TASK INSTRUCTIONS - In the listing below, locate the line with "261 054-1 rangiert" and the line with "BODYFLIRT Zlatne platforma", then output both and everything between them exactly, minus any pictures.

RECORDS SUPPLIED -
^^^^

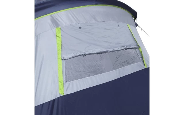 Sechs Fenster (je 50 % Moskitogaze, 50 % Folie) sorgen für ausreichend Licht und Belüftung im Zelt. Moskitogaze im Dach bietet beste Luftzirkulation. Das Zelt kann ohne Überdach aufgestellt werden. Doppelt abgedeckte Reißverschlüsse sorgen für ein dichtes Zelt. In der Mitte befindet sich eine Lampenanbringung. Die Türen der fest integrierten Schlafkabinen können blickdicht verschlossen werden und verfügen zusätzlich über eine Moskitogazetür. Die komfortable Stehhöhe beträgt 218 cm.
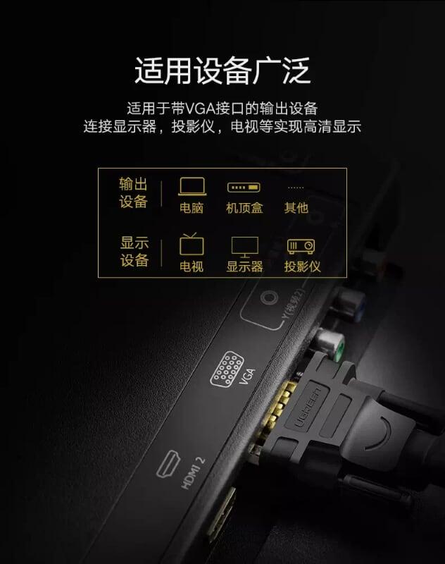 Cáp VGA Ugreen chính hãng chuẩn 3C+6 3C+9 đầu mạ vàng dài 1.5M 3M 5M 8M 10M 12M 15M 20M 30M
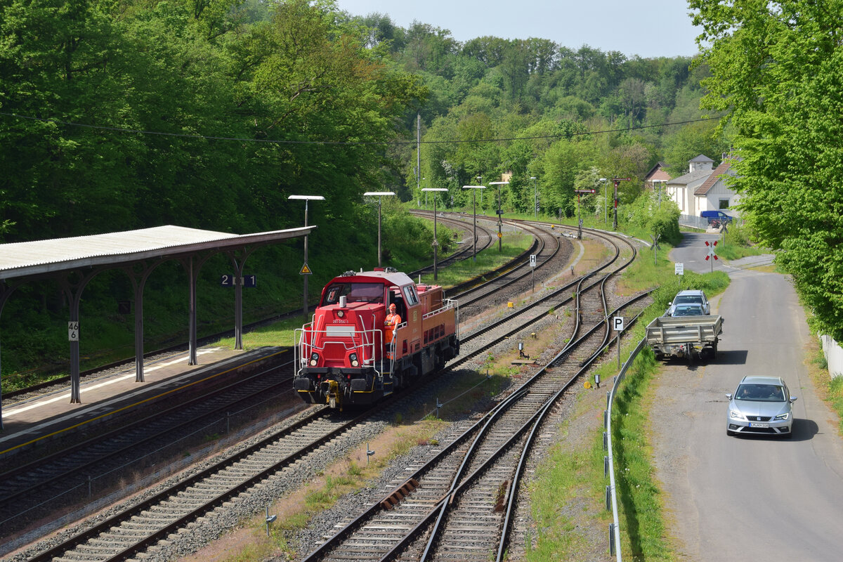 261 054-1 rangiert nun die Kalkwagen in eines der leeren Nebengleise.
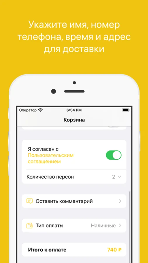 Укажите время, когда хотите прийти за своим заказом или выберите доставку с указанием времени и адреса доставки.
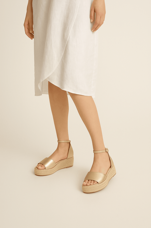 BODYFLIRT Zlatne platforma sandale s remenom oko zgloba
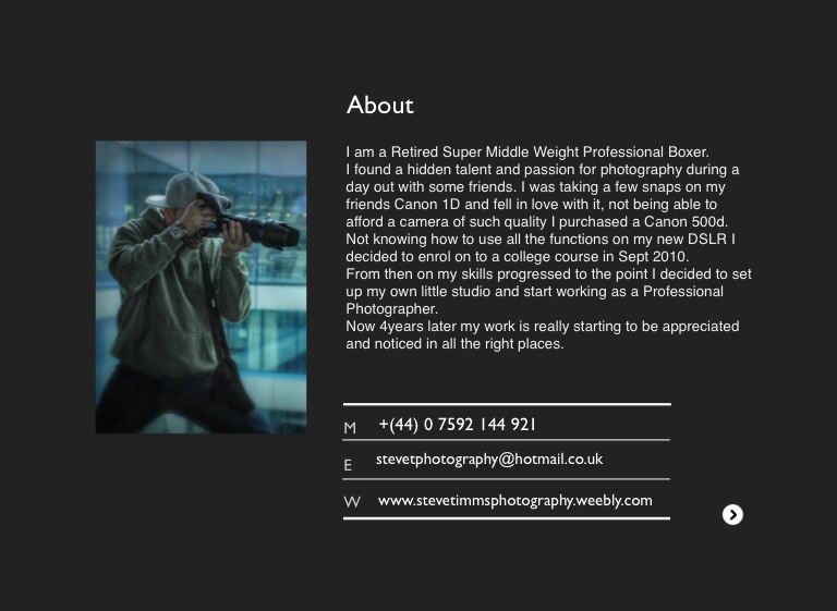 I found a hidden talent and passion for photography during a day out with some friends. I was taking a few snaps on my friends Canon 1D and fell in love with it, not being able to afford a camera of such quality I purchased a Canon 500d.
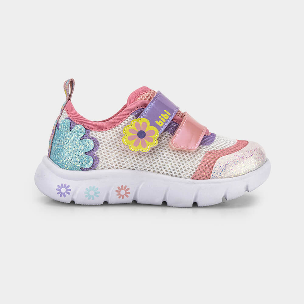 Descubra o tênis infantil feminino ideal para as brincadeiras diárias e atividades escolares! <br> Com um design de flores atual e moderno, este modelo é fácil de calçar e oferece um excelente ajuste aos pés. Confeccionado em tecido de fácil limpeza, o tênis conta com uma tira para fechamento, proporcionando praticidade e segurança. <br> Perfeito para o uso diário e para ir à escola, seu solado de EVA incorpora a tecnologia **BPlus**, que garante maior tração e aderência ao piso, além de proporcionar um toque macio e emborrachado para mais conforto. A palmilha **Fisioflex** é extremamente macia, simulando a sensação de andar descalço, oferecendo um bem-estar incomparável para os pequenos. <br> Combinando funcionalidade e conforto, este tênis é a escolha ideal para crianças que precisam de um calçado resistente e confortável para o dia a dia. <br> Escolha o melhor tênis infantil, que une estilo, praticidade e conforto, perfeito para todas as aventuras diárias.
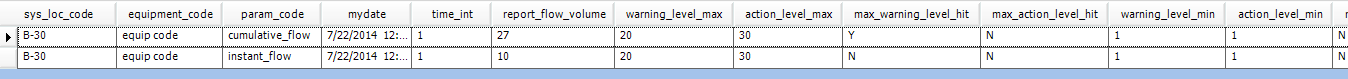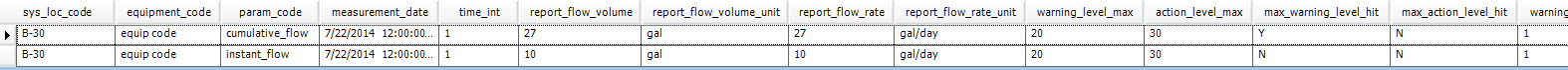 MIN_WARNING_LEVEL_HIT MIN_ACTION_LEVEL_HIT REPORT_FLOW_VOLUME_UNIT ACTION_LEVEL_REMARK AVERAGE_REPORT_FLOW_RATE or REPORT_FLOW_RATE REPORT_FLOW_RATE_UNIT |
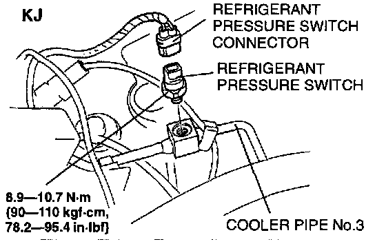 3. Remove the refrigerant pressure switch from cooler pipe No.3.
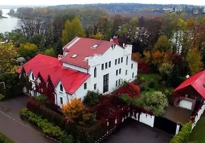 Evin sahəsi 760 kvadratmetrdir, interyeri klassik saray üslubunda unikal dizayna malikdir. Bina 80 sot ərazidə yerləşir, öz sahil xətti, hovuzu, hamamı, kinoteatrı var. Evin içində lifti ve çoxlu kaminleri var. Puqaçova Rusiyanı tərk etdikdən sonra mülkdə ya onun nəvəsi Nikita Presnyakov, ya da qızı Kristina Orbakaite yaşayırdı. Obyekt hal hazırda boşdur.
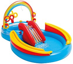 Лято, слънце, игри с приятели... А какво ни липсва, за да бъде забавлението пълно? Приохладата на водата, разбира се, която децата могат да намерят в надуваемия център от „ Intex “. Той се състои от два басейна, които са свързани с малка надуваема пързалка, както и още куп елементи, с които децата да се забавляват във водата. Над по-малкия басейн има надуваема арка, в която е вградена водна пръскалка (за да работи е необходимо да се свърже към градинския маркуч). Върху арката има надуваеми пинчета, на които децата да нанизват рингове, упражнявайки се да хвърлят точно. На борда на същия басейн има и надуваемо цвете, чиито ... |
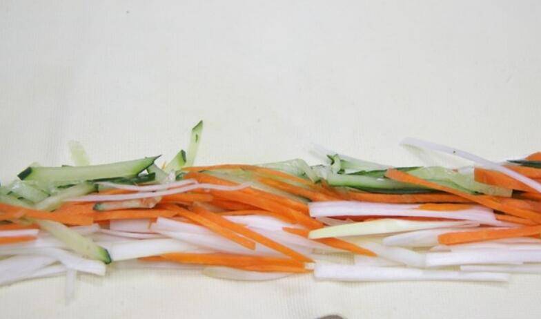 7.然后在桌面把豆腐皮摊开,放入刚才切好的三种配菜丝。
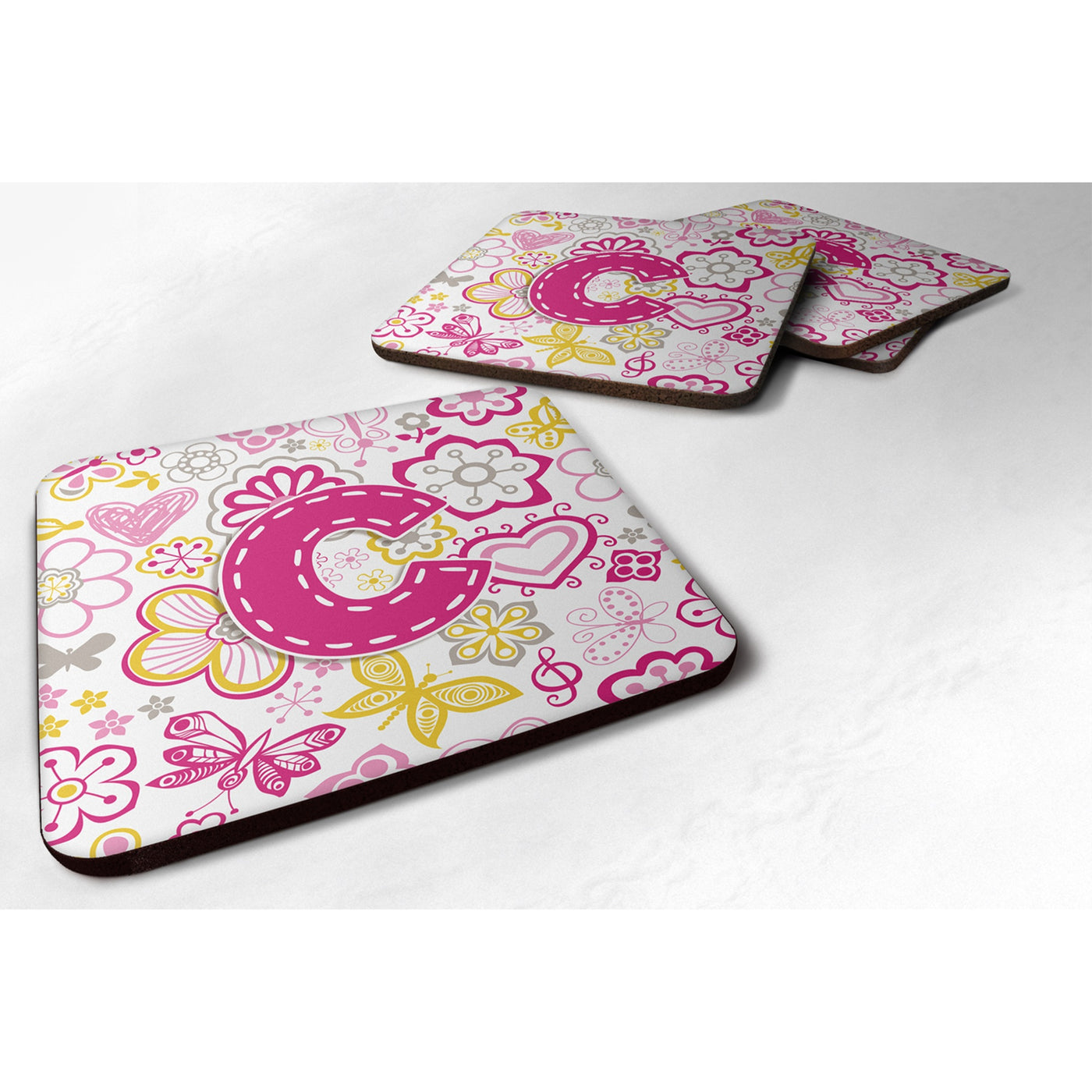 'Caroline's Treasures CJ2005-CFC Letter C Flowers and Butterflies Pink Foam Coasters (Set of 4) 3.5'''' Multicolor''
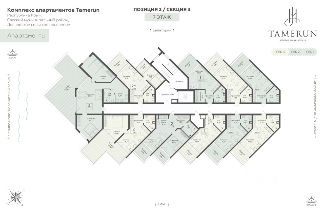 Продаются 2-комнатные апартаменты в строящемся доме (Этап 2 (Секции 1-3)), срок сдачи: II-кв. 2029, общей площадью 47.65 кв.м., на 7 этаже. "Tamerun" - морская резиденция на Западном берегу Крыма, между городами Евпатория и Саки.
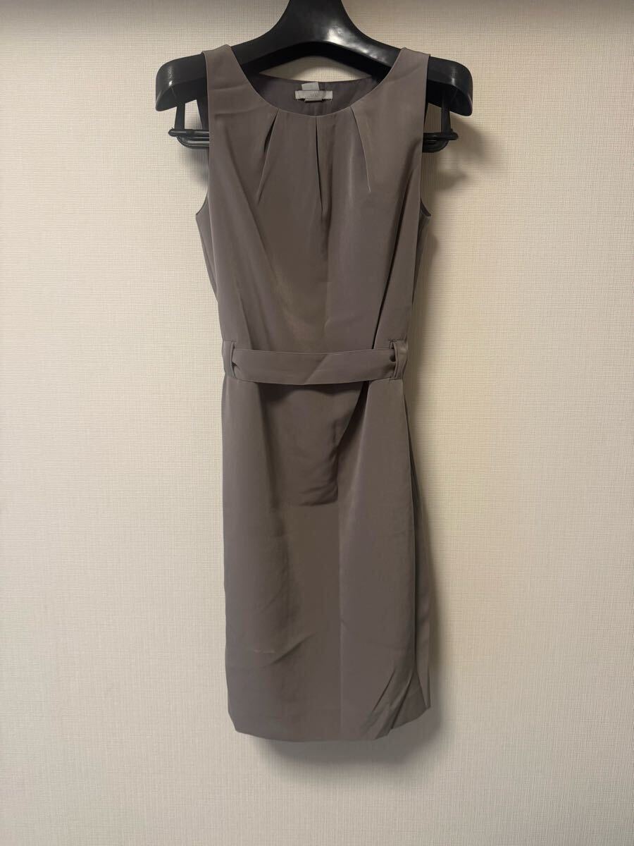- H&M 32 XS ワンピース ドレス グレー グレージュ ノースリーブ フォーマル 結婚式 ウエストリボン
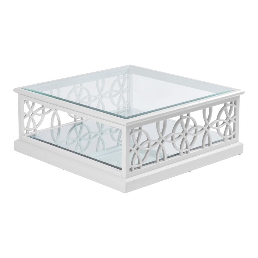 I’m a big fan of this Etienne table for its crisp white frame and geometric lattice sides - it brings just enough pattern without overwhelming a space. The clear glass top and mirrored lower shelf keep the look light, so it works equally well in coastal, Scandinavian or modern-glam interiors. For styling, keep the top neat with a sculptural bowl or a small stack of coffee-table books and a single vase, then use the lower shelf for a tidy tray of coasters and remotes. That way you make the most of both layers without creating clutter.
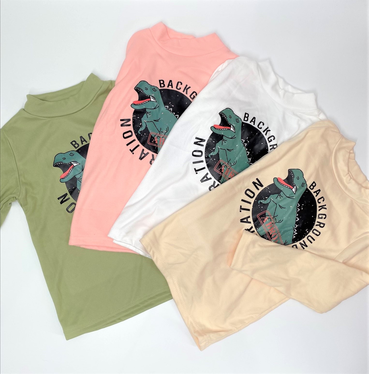 人気ナンバーワンのティラノサウルスのプリントが真っ先に目に入るほどオシャレなフリースの子供用長袖トップス♪ハイネックなので、大人っぽい印象を与えます!男の子でも女の子でも着れる、豊富なカラーバリエーションが嬉しい♪まだ朝晩は肌寒いこの季節に、一着でも持っていると重宝しますよ♪フリースで柔らかくて暖かいので、着心地が良いです!来年の秋冬用に手に入れるのもおススメします♪恐竜好きなお子様やお孫さんへのプレゼントに最適です!

^^^^

WRITTEN ANSWER -
 261 054-1 rangiert nun die Kalkwagen in eines der leeren Nebengleise.
 Укажите время, когда хотите прийти за своим заказом или выберите доставку с указанием времени и адреса доставки.
 BODYFLIRT Zlatne platforma sandale s remenom oko zgloba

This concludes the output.